Source data:

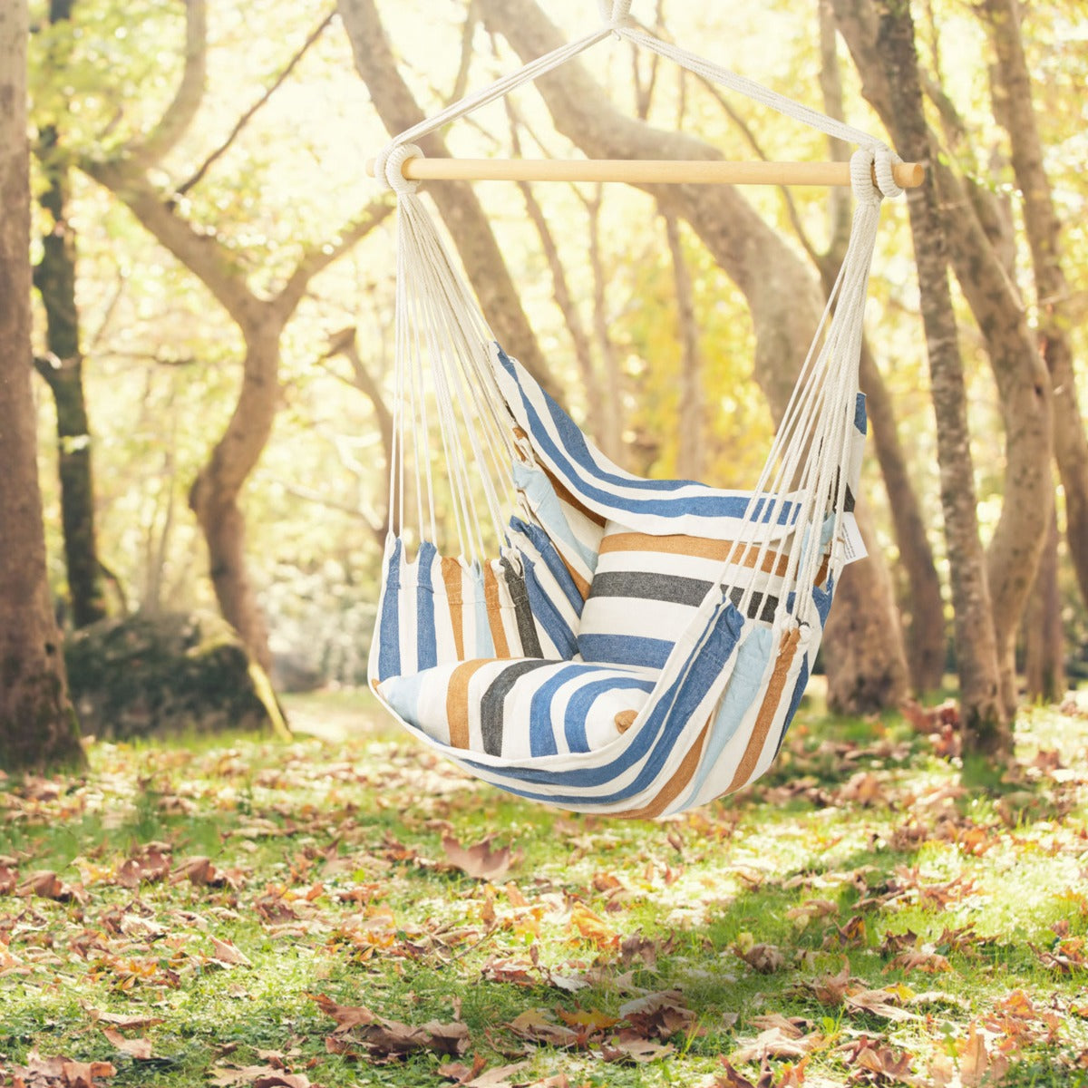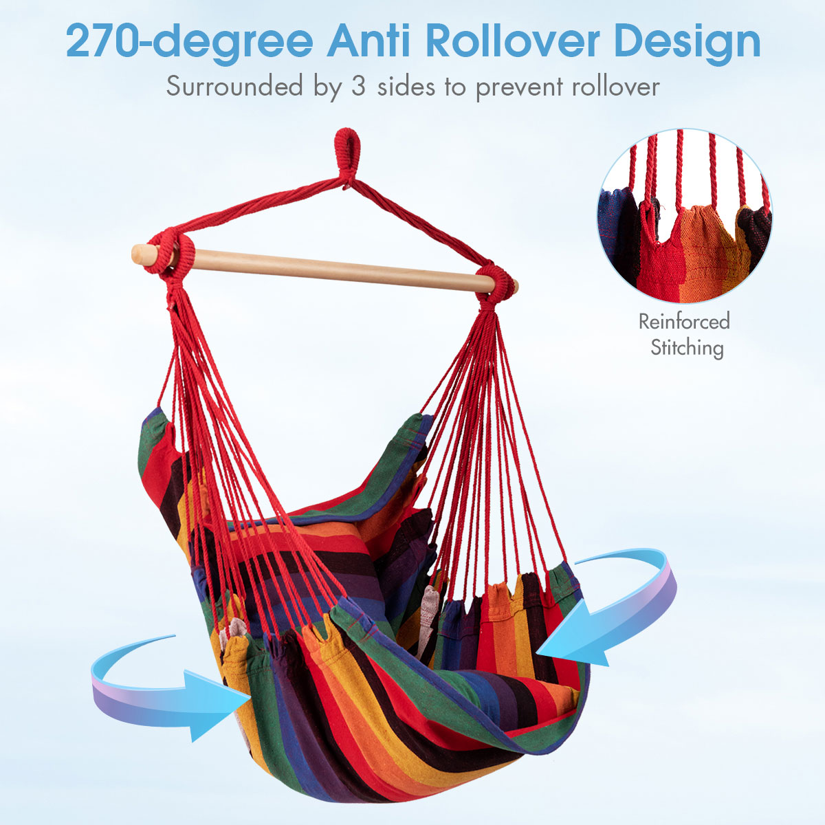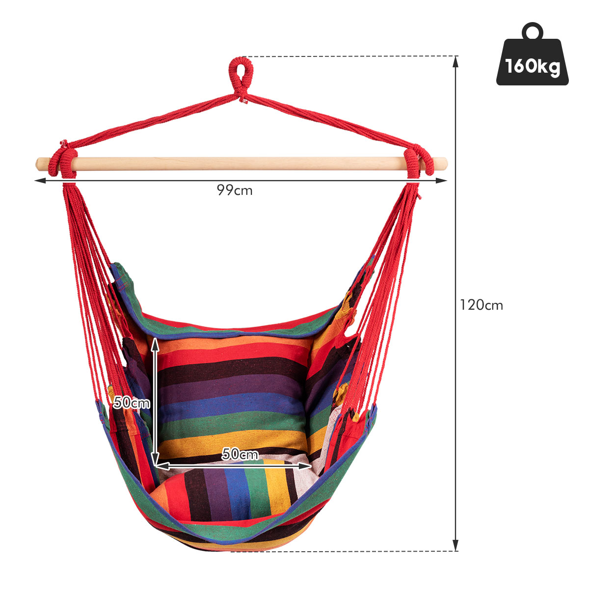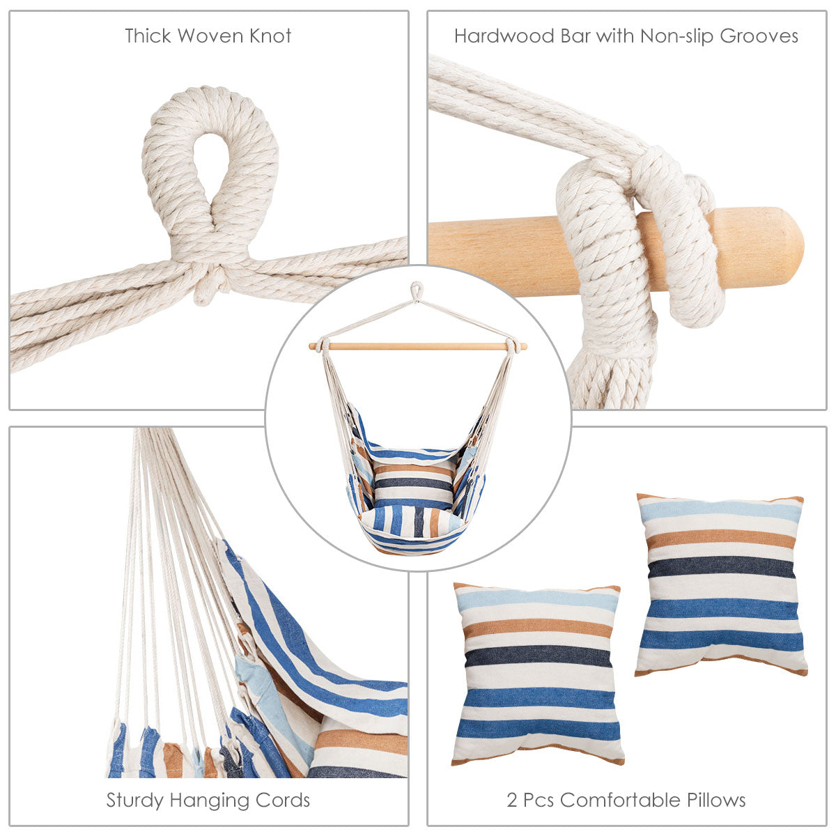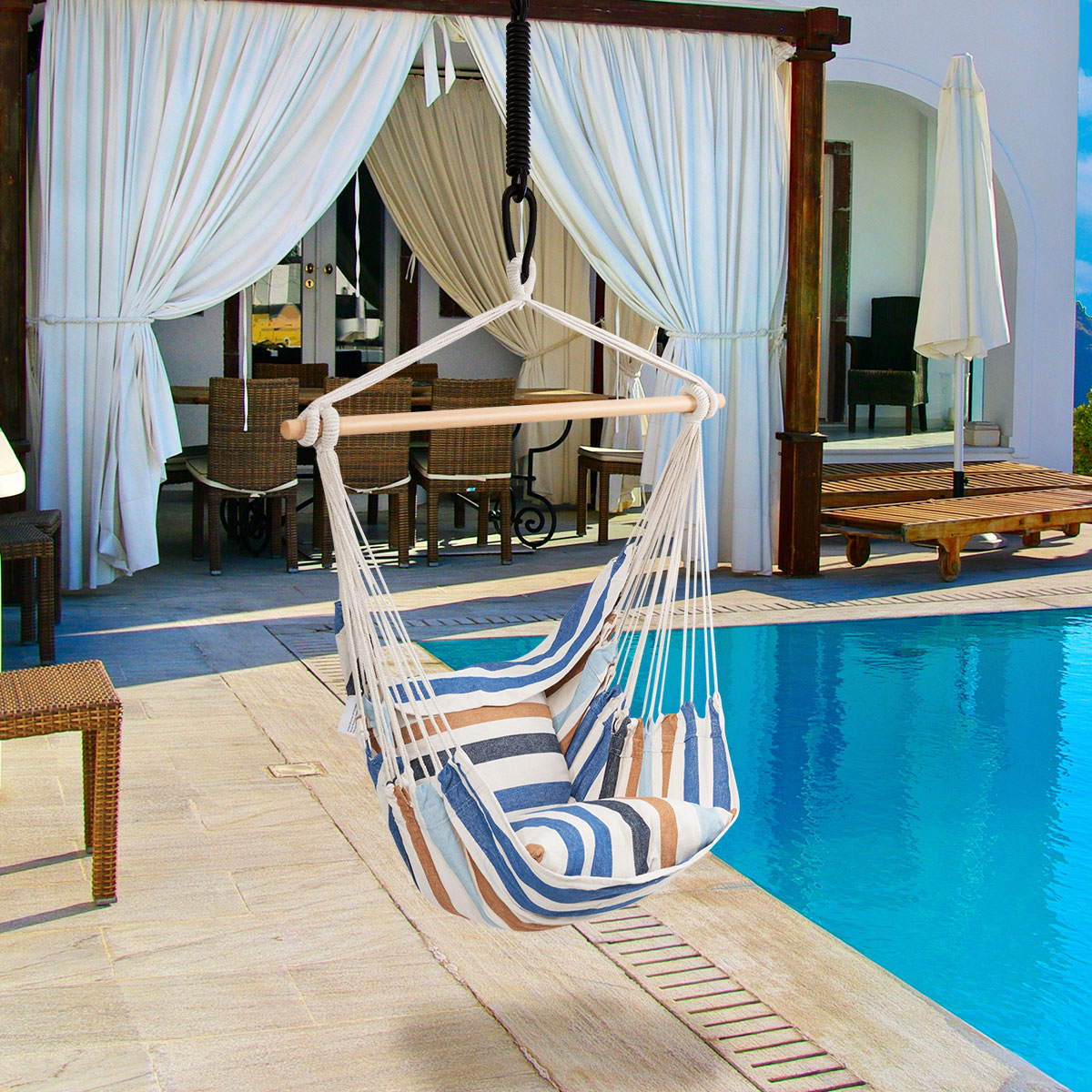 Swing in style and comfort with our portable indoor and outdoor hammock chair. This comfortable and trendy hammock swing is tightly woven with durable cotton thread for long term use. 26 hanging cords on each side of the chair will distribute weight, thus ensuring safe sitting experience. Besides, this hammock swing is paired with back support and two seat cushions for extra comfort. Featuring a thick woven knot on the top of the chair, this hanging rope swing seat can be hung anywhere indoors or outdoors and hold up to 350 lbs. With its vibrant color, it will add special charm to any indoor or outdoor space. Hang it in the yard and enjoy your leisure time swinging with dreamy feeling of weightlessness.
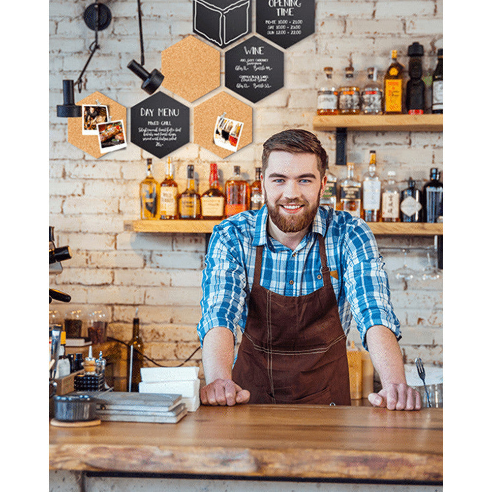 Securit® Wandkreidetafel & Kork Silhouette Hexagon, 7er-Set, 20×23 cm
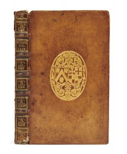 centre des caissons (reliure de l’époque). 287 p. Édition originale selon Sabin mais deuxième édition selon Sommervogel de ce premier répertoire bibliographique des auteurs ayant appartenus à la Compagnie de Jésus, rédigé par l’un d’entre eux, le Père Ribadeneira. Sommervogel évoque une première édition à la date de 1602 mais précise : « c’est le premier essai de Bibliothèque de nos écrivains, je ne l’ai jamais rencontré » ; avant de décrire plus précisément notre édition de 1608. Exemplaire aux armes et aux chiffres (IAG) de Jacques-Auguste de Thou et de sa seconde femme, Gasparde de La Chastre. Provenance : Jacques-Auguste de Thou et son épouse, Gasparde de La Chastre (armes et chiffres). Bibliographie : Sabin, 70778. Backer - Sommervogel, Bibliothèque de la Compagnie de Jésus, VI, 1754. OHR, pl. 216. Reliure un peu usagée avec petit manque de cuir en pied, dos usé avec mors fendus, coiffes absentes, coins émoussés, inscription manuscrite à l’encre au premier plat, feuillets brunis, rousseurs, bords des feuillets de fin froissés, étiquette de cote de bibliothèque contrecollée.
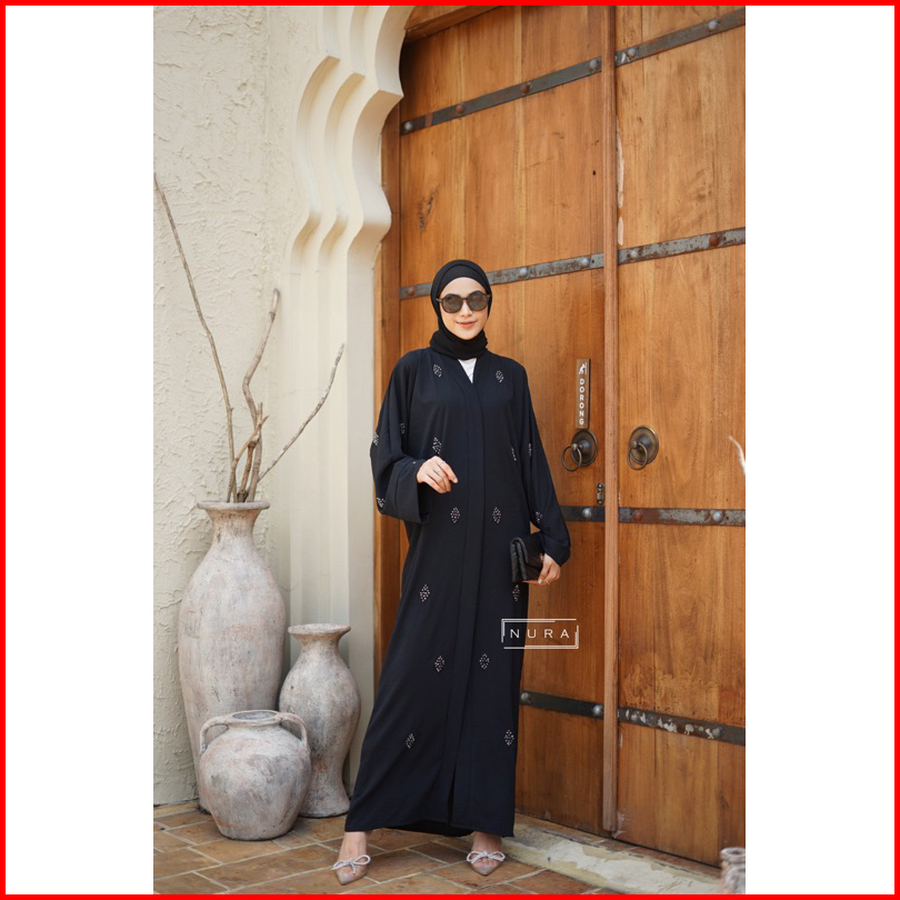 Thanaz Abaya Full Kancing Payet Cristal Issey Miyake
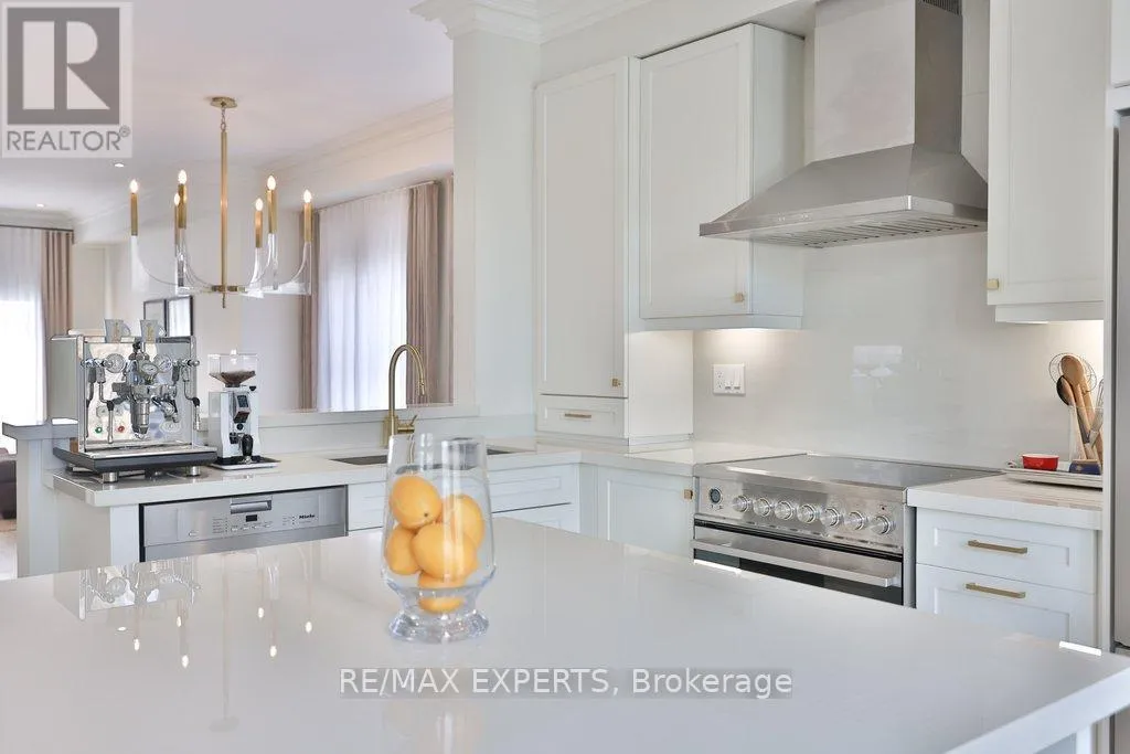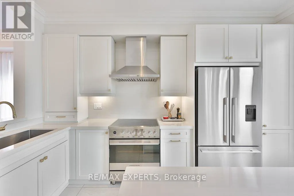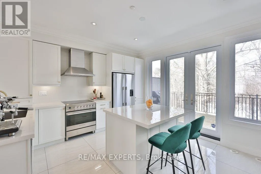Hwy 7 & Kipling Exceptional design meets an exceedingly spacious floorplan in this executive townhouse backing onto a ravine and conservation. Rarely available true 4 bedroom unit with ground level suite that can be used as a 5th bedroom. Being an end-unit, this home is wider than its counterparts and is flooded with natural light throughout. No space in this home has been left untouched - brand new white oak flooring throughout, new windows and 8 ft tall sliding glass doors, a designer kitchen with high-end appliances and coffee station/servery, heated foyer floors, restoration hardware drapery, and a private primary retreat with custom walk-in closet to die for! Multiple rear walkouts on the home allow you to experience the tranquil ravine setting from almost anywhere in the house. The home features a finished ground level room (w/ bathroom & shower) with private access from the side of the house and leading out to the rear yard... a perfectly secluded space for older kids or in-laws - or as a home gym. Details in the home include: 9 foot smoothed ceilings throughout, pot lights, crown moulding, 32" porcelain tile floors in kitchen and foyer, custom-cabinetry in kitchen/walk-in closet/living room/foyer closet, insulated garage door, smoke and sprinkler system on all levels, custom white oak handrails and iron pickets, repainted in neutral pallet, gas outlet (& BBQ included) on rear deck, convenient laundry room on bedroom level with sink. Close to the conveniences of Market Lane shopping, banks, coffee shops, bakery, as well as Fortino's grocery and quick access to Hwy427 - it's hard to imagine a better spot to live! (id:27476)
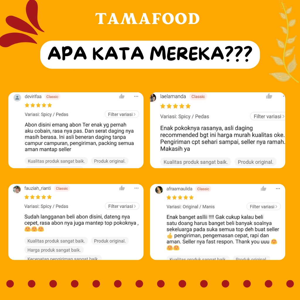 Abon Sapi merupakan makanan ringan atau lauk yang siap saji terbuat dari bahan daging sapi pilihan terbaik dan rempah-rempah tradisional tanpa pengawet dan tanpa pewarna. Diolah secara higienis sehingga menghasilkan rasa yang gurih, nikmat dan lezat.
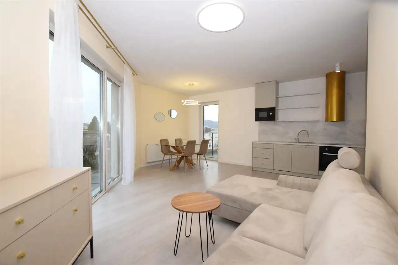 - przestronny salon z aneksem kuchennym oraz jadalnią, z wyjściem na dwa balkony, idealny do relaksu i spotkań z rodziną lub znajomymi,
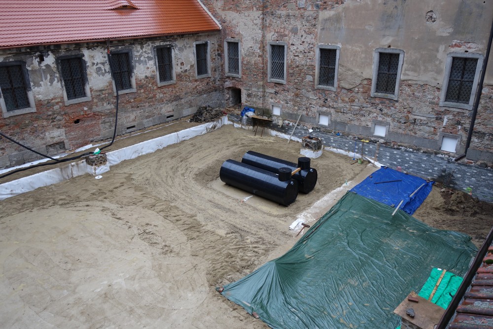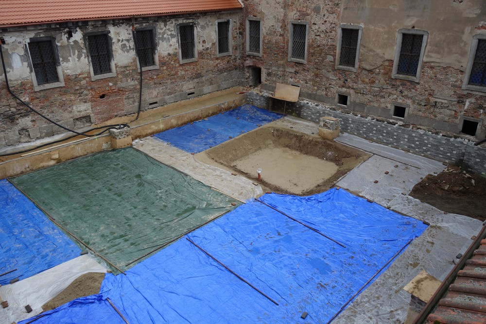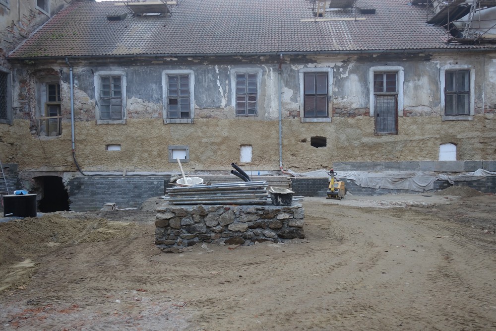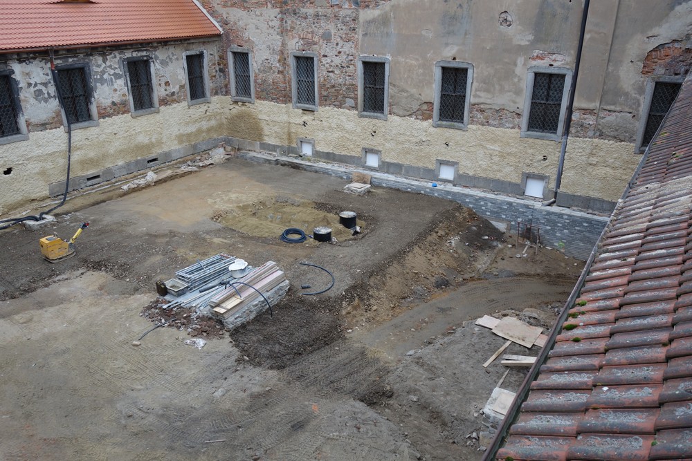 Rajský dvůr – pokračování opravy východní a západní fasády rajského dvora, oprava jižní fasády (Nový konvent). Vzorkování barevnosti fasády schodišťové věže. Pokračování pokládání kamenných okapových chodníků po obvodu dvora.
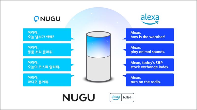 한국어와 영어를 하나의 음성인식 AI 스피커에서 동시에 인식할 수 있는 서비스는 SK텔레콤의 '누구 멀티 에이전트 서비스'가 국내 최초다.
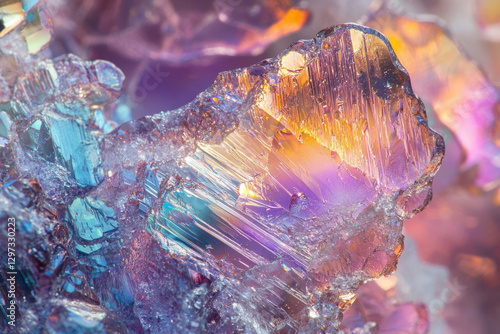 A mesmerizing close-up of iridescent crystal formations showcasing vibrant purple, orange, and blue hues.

TASK:
Please write every line above out exactly as given, except for any pictures.

RESPONSE:
 Swing in style and comfort with our portable indoor and outdoor hammock chair. This comfortable and trendy hammock swing is tightly woven with durable cotton thread for long term use. 26 hanging cords on each side of the chair will distribute weight, thus ensuring safe sitting experience. Besides, this hammock swing is paired with back support and two seat cushions for extra comfort. Featuring a thick woven knot on the top of the chair, this hanging rope swing seat can be hung anywhere indoors or outdoors and hold up to 350 lbs. With its vibrant color, it will add special charm to any indoor or outdoor space. Hang it in the yard and enjoy your leisure time swinging with dreamy feeling of weightlessness.
 Securit® Wandkreidetafel & Kork Silhouette Hexagon, 7er-Set, 20×23 cm
 centre des caissons (reliure de l’époque). 287 p. Édition originale selon Sabin mais deuxième édition selon Sommervogel de ce premier répertoire bibliographique des auteurs ayant appartenus à la Compagnie de Jésus, rédigé par l’un d’entre eux, le Père Ribadeneira. Sommervogel évoque une première édition à la date de 1602 mais précise : « c’est le premier essai de Bibliothèque de nos écrivains, je ne l’ai jamais rencontré » ; avant de décrire plus précisément notre édition de 1608. Exemplaire aux armes et aux chiffres (IAG) de Jacques-Auguste de Thou et de sa seconde femme, Gasparde de La Chastre. Provenance : Jacques-Auguste de Thou et son épouse, Gasparde de La Chastre (armes et chiffres). Bibliographie : Sabin, 70778. Backer - Sommervogel, Bibliothèque de la Compagnie de Jésus, VI, 1754. OHR, pl. 216. Reliure un peu usagée avec petit manque de cuir en pied, dos usé avec mors fendus, coiffes absentes, coins émoussés, inscription manuscrite à l’encre au premier plat, feuillets brunis, rousseurs, bords des feuillets de fin froissés, étiquette de cote de bibliothèque contrecollée.
 Thanaz Abaya Full Kancing Payet Cristal Issey Miyake
Hwy 7 & Kipling Exceptional design meets an exceedingly spacious floorplan in this executive townhouse backing onto a ravine and conservation. Rarely available true 4 bedroom unit with ground level suite that can be used as a 5th bedroom. Being an end-unit, this home is wider than its counterparts and is flooded with natural light throughout. No space in this home has been left untouched - brand new white oak flooring throughout, new windows and 8 ft tall sliding glass doors, a designer kitchen with high-end appliances and coffee station/servery, heated foyer floors, restoration hardware drapery, and a private primary retreat with custom walk-in closet to die for! Multiple rear walkouts on the home allow you to experience the tranquil ravine setting from almost anywhere in the house. The home features a finished ground level room (w/ bathroom & shower) with private access from the side of the house and leading out to the rear yard... a perfectly secluded space for older kids or in-laws - or as a home gym. Details in the home include: 9 foot smoothed ceilings throughout, pot lights, crown moulding, 32" porcelain tile floors in kitchen and foyer, custom-cabinetry in kitchen/walk-in closet/living room/foyer closet, insulated garage door, smoke and sprinkler system on all levels, custom white oak handrails and iron pickets, repainted in neutral pallet, gas outlet (& BBQ included) on rear deck, convenient laundry room on bedroom level with sink. Close to the conveniences of Market Lane shopping, banks, coffee shops, bakery, as well as Fortino's grocery and quick access to Hwy427 - it's hard to imagine a better spot to live! (id:27476)
 Abon Sapi merupakan makanan ringan atau lauk yang siap saji terbuat dari bahan daging sapi pilihan terbaik dan rempah-rempah tradisional tanpa pengawet dan tanpa pewarna. Diolah secara higienis sehingga menghasilkan rasa yang gurih, nikmat dan lezat.
 - przestronny salon z aneksem kuchennym oraz jadalnią, z wyjściem na dwa balkony, idealny do relaksu i spotkań z rodziną lub znajomymi,
 Rajský dvůr – pokračování opravy východní a západní fasády rajského dvora, oprava jižní fasády (Nový konvent). Vzorkování barevnosti fasády schodišťové věže. Pokračování pokládání kamenných okapových chodníků po obvodu dvora.
 한국어와 영어를 하나의 음성인식 AI 스피커에서 동시에 인식할 수 있는 서비스는 SK텔레콤의 '누구 멀티 에이전트 서비스'가 국내 최초다.
 A mesmerizing close-up of iridescent crystal formations showcasing vibrant purple, orange, and blue hues.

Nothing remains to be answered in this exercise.